Werkzeug

wsgi utility collection


SQLAlchemy And Werkzeug

Using SQLAlchemy with a Werkzeug application is pretty straight-forward. With SQLAlchemy 0.4 onwards there is a scoped session in the SQLAlchemy core which allows SQLAlchemy to look up the current active database session based on the current context. A context is loosely defined as the current thread which most of the time is the current request.

Werkzeug itself comes with a module called "werkzeug.local" which provides a thread local object which explicitly cleans up at the end of the request. Additionally it supports greenlets. With some more modifications you can sync up the current SQLAlchemy session with werkzeug locals.

The following method is not the easiest one but allows you to have multiple instances of the same application class in the same python interpreter.

Somewhere in your application code defined this, for example in an application utility file (app.util for example):

from sqlalchemy import MetaData
from sqlalchemy.orm import scoped_session, create_session
from werkzeug import Local, LocalManager

# create the local object
local = Local()
local_manager = LocalManager()

# now add a proxy for the aplication object we put on the local later
application = local('application')

# This piece of code now creates a new session class for us that
# does all the thread / greenlet / application engine lookup magic
session = scoped_session(lambda: create_session(application.database_engine,
                         autoflush=True, transactional=True),
                         local_manager.get_ident)

# the database metadata for all of our tables
metadata = MetaData()

The next thing we have to do is to create an engine in the application constructor and propagate the application to the local object every request and at the end of the request clean up properly. Additionally we provide a method to create all database tables.

from sqlalchemy import create_engine
from werkzeug import ClosingIterator

# here we import the local_manager and the metadata we defined
# in the piece of code from above.
from app.util import session, local, local_manager, metadata


class Application(object):

    def __init__(self, database_uri):
        self.database_engine = create_engine(database_uri, convert_unicode=True)

    def __call__(self, environ, start_response):
        # set the current application so that the session factory
        # callback can access the database engine.
        local.application = self

        # here comes the request dispatching code that returns
        # a response object.
        response = dispatch(...)

        # and at the end of the request we clean up properly.
        return ClosingIterator(response(environ, start_response),
                               [local_manager.cleanup, session.remove])

    def init_database(self):
        """The bonus: create all tables."""
        # the metadata create all function does not use any ORM
        # stuff so we can savely ignore local.application here.
        metadata.create_all(self.database_engine)

Finally we have to define some database models.
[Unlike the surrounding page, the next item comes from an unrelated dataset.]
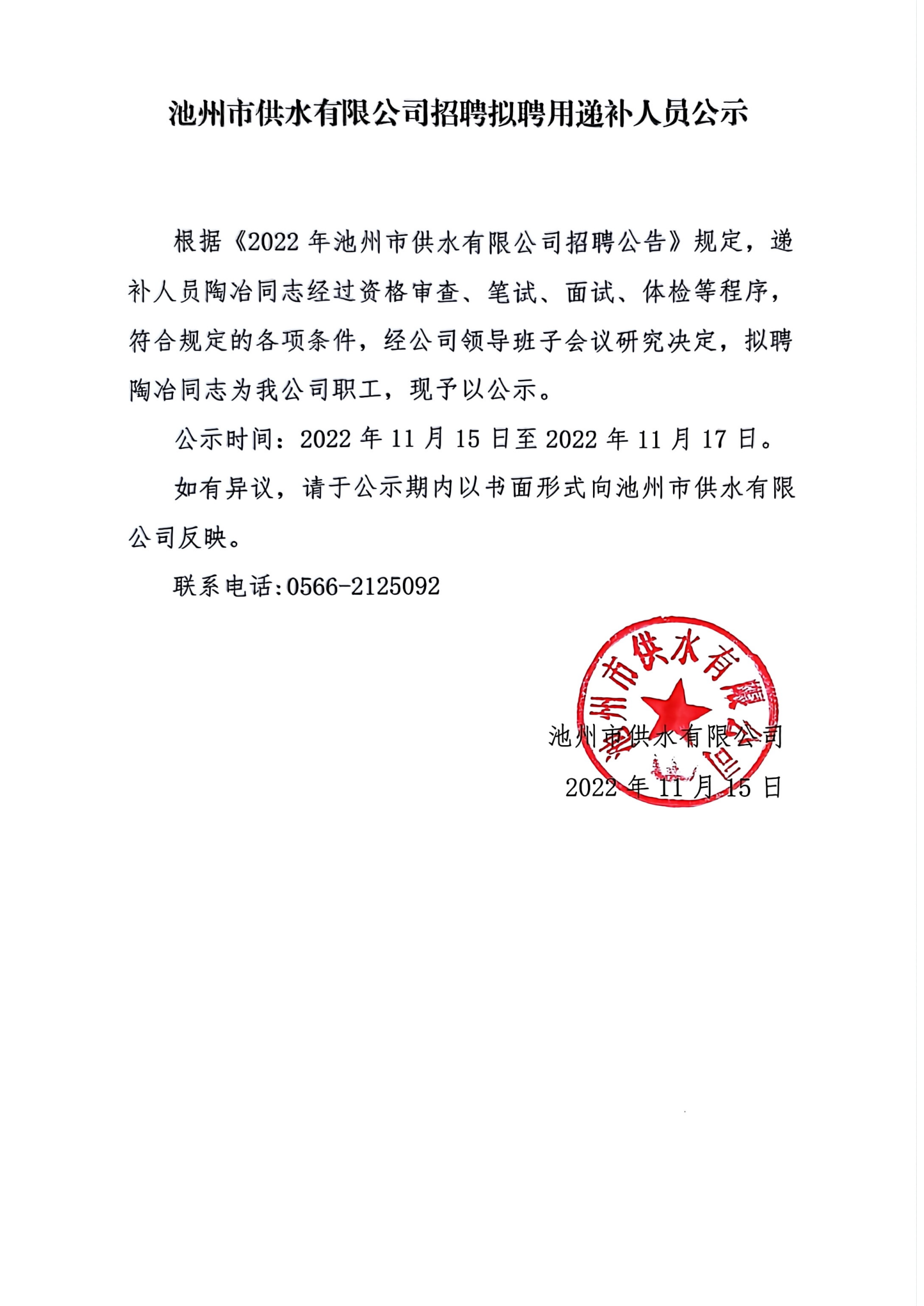 池州市供水有限公司招擬聘用遞補(bǔ)人員公示 | |

Important is that your database models are all imported before the WSGI application is initialized. If not the metadata won't know about all models and forget to create all required tables or relations will point to nowhere.

How to define Tables and Models is explained in the SQLAlchemy ORM Tutorial. Just don't forget that you already have a metadata defined in your utils module and that the engine is discovered by default. If you want to play in the Python Interpreter with it, don't forget to assign an instance of the application to the local.application attribute.

Working With Models

As soon as you have created some models you should be able to query them with Model.query like mentioned in the SQLAlchemy documentation. The example code above creates a session that automatically saves models created in a transactional context. To send the changes to the database you have to call session.commit().